-------- RECORDS SUPPLIED
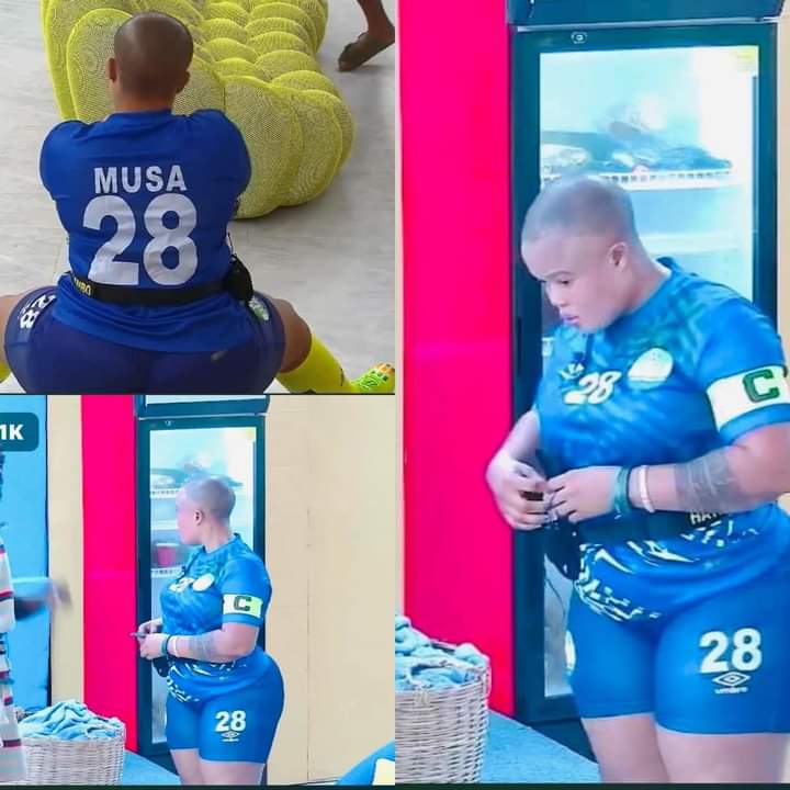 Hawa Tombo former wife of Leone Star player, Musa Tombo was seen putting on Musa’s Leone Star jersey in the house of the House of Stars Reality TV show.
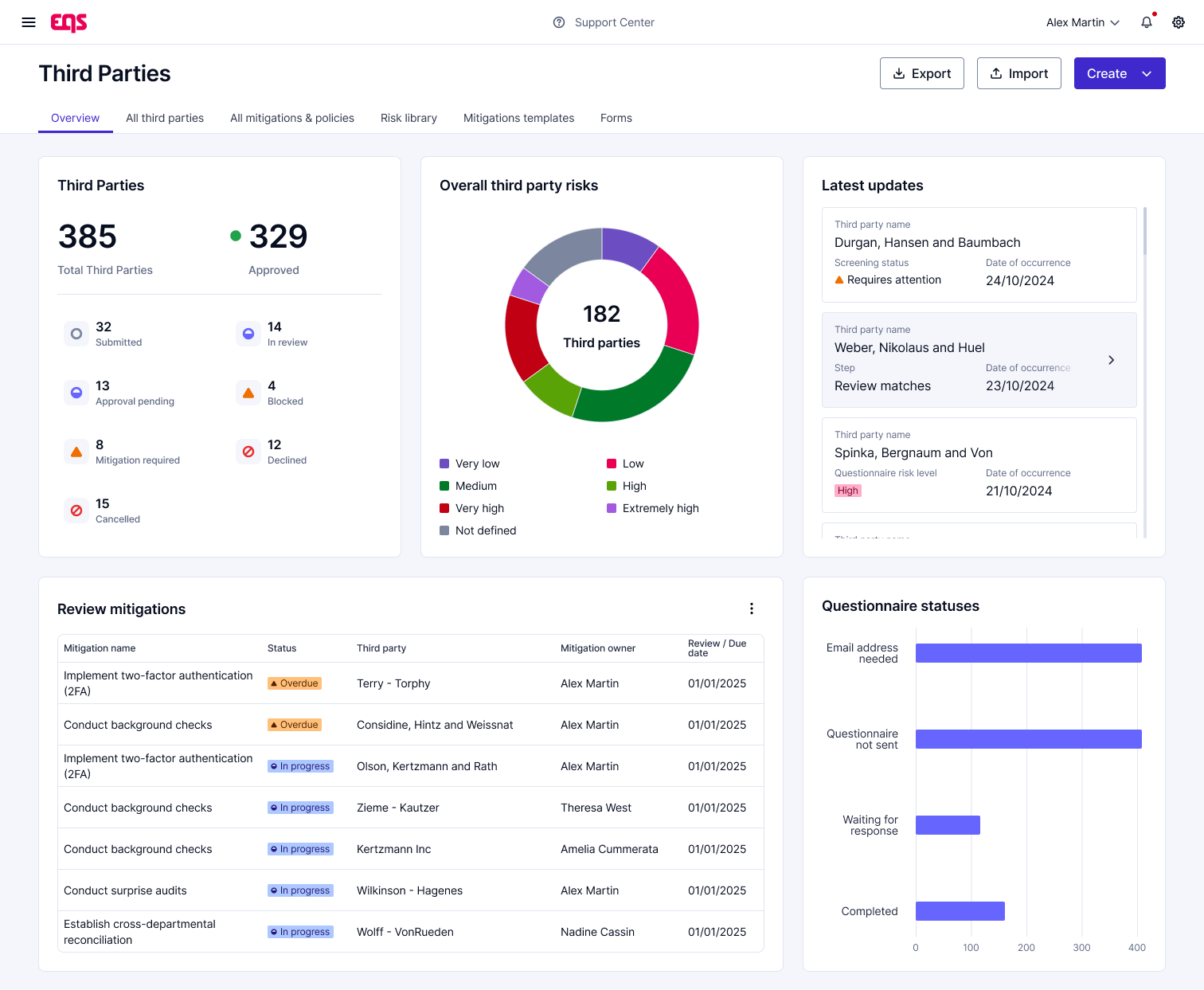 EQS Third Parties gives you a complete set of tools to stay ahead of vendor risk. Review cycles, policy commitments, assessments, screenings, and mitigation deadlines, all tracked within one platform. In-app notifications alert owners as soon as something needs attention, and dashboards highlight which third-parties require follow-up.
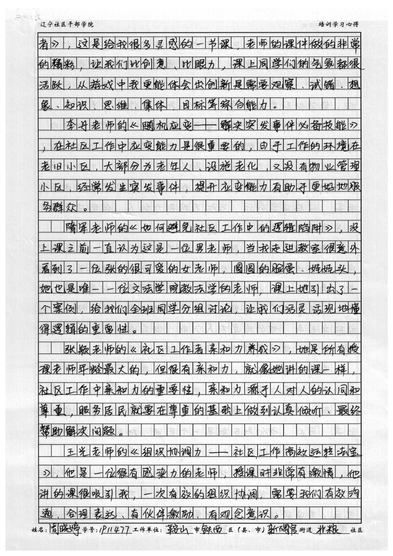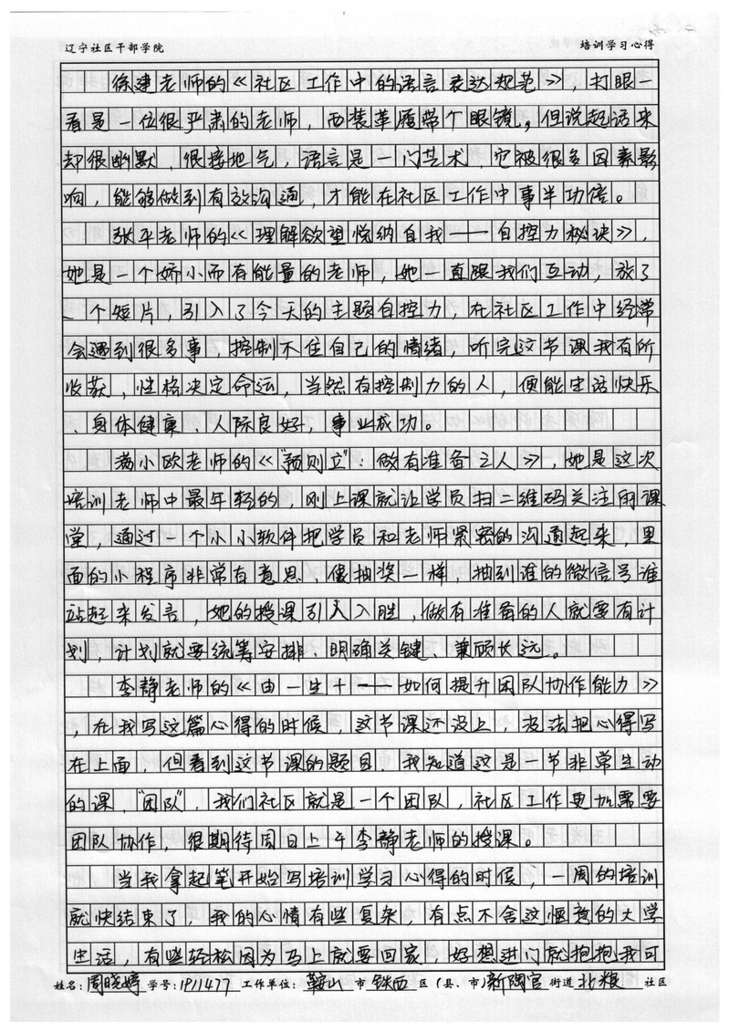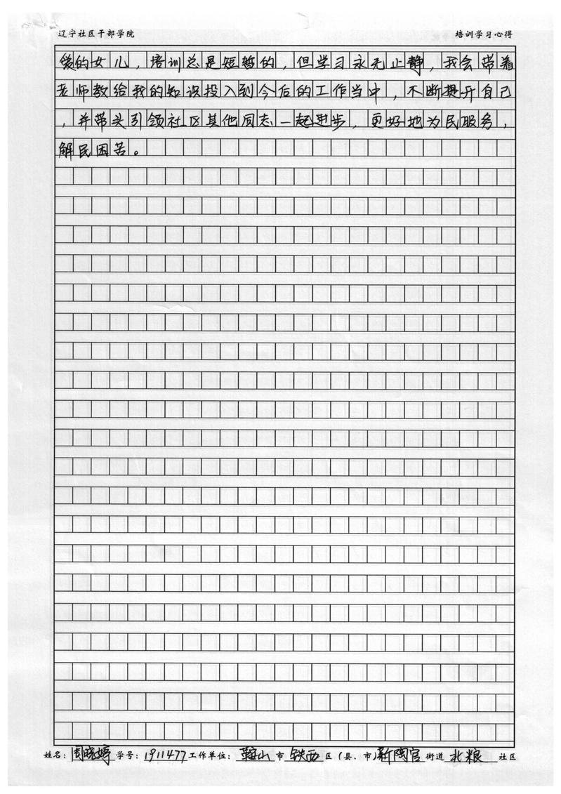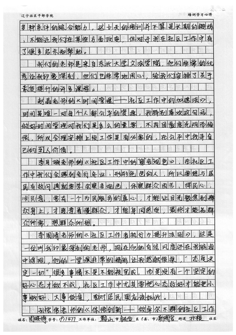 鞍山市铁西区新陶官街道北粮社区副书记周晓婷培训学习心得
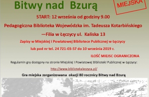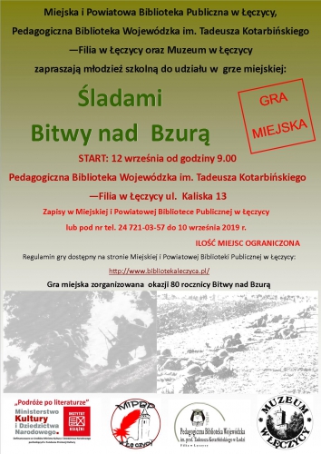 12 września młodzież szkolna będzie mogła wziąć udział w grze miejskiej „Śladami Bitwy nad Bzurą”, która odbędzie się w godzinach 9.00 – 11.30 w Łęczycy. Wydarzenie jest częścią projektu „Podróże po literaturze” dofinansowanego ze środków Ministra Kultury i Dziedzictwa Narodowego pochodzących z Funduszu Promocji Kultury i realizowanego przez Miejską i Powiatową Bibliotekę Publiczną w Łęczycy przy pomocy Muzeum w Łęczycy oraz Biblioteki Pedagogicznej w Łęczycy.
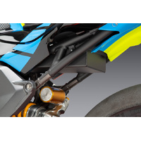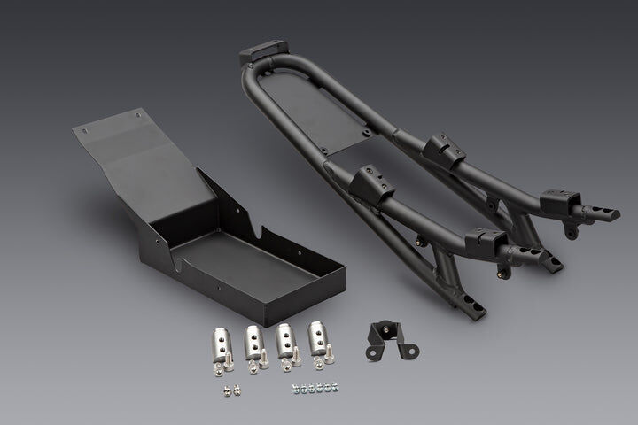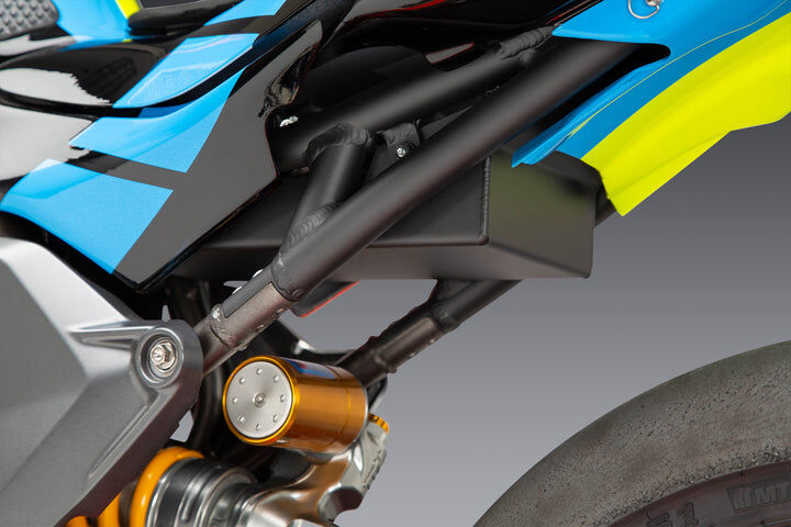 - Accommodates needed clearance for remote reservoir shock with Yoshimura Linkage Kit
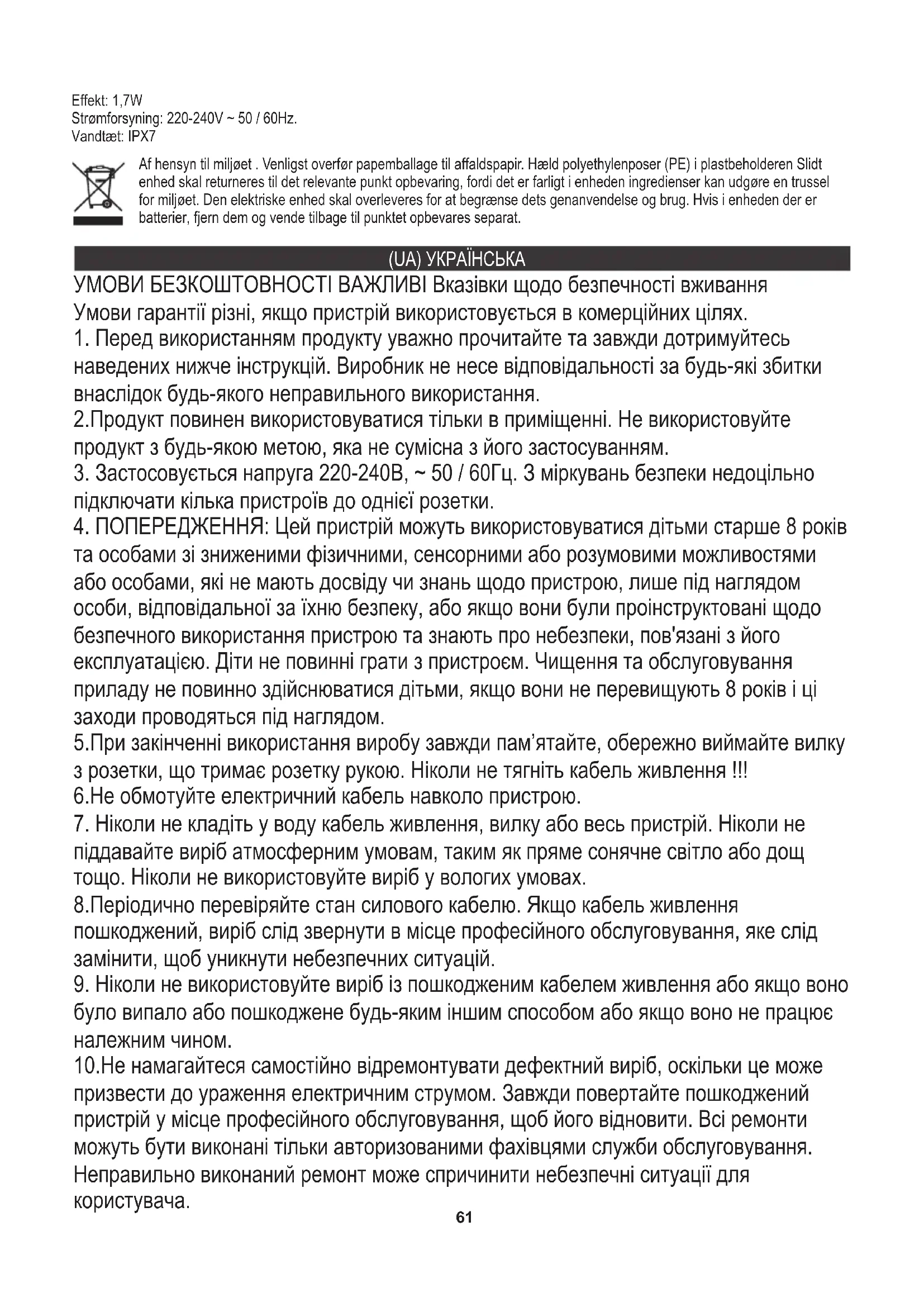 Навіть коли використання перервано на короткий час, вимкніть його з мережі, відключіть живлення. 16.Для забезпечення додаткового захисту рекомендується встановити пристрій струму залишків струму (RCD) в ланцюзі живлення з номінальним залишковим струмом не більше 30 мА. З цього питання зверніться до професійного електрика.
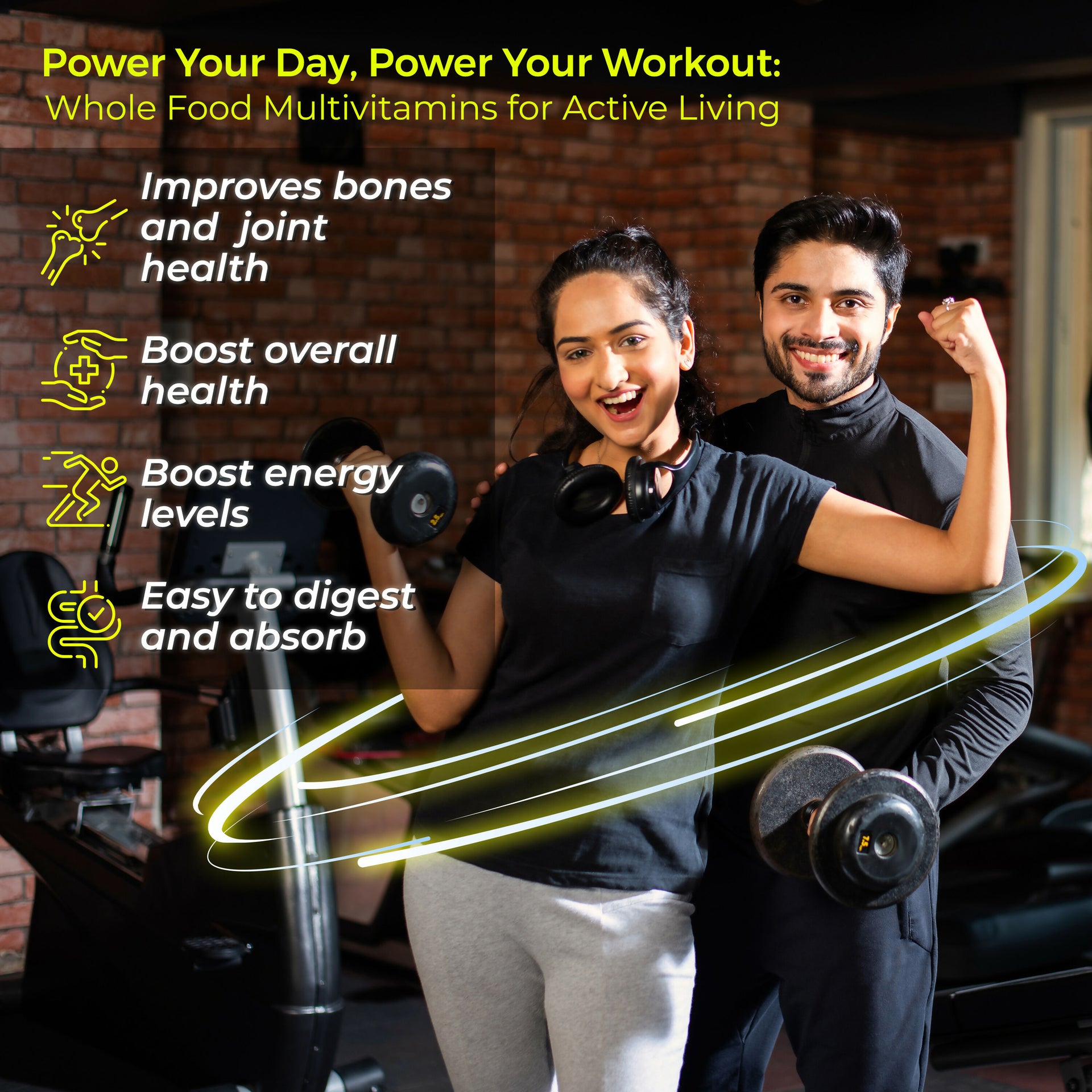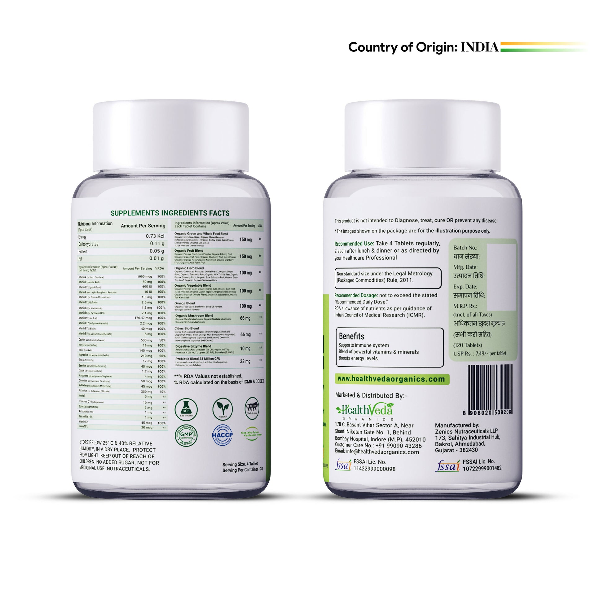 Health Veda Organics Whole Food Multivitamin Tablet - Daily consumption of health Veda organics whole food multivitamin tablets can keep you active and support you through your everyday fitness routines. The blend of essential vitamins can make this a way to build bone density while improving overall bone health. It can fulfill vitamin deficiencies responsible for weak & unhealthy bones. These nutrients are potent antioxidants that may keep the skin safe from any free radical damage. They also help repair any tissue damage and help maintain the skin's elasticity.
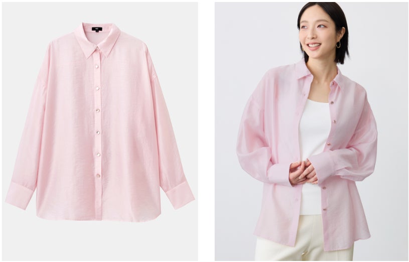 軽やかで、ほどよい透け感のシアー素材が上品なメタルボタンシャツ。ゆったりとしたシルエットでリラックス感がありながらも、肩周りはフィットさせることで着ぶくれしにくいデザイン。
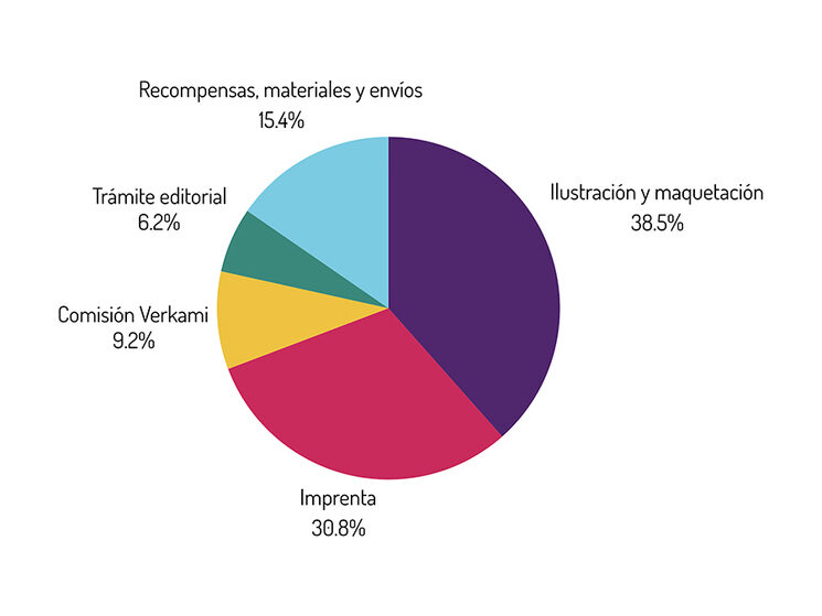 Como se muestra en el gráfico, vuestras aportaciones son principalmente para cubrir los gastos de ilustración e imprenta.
----------------
__WORK ORDER__. Nothing but the lines from the one containing "- Accommodates needed" through the last line of the records above should appear, each repeated exactly, with no pictures.

__RESPONSE AREA__.
 - Accommodates needed clearance for remote reservoir shock with Yoshimura Linkage Kit
 Навіть коли використання перервано на короткий час, вимкніть його з мережі, відключіть живлення. 16.Для забезпечення додаткового захисту рекомендується встановити пристрій струму залишків струму (RCD) в ланцюзі живлення з номінальним залишковим струмом не більше 30 мА. З цього питання зверніться до професійного електрика.
 Health Veda Organics Whole Food Multivitamin Tablet - Daily consumption of health Veda organics whole food multivitamin tablets can keep you active and support you through your everyday fitness routines. The blend of essential vitamins can make this a way to build bone density while improving overall bone health. It can fulfill vitamin deficiencies responsible for weak & unhealthy bones. These nutrients are potent antioxidants that may keep the skin safe from any free radical damage. They also help repair any tissue damage and help maintain the skin's elasticity.
 軽やかで、ほどよい透け感のシアー素材が上品なメタルボタンシャツ。ゆったりとしたシルエットでリラックス感がありながらも、肩周りはフィットさせることで着ぶくれしにくいデザイン。
 Como se muestra en el gráfico, vuestras aportaciones son principalmente para cubrir los gastos de ilustración e imprenta.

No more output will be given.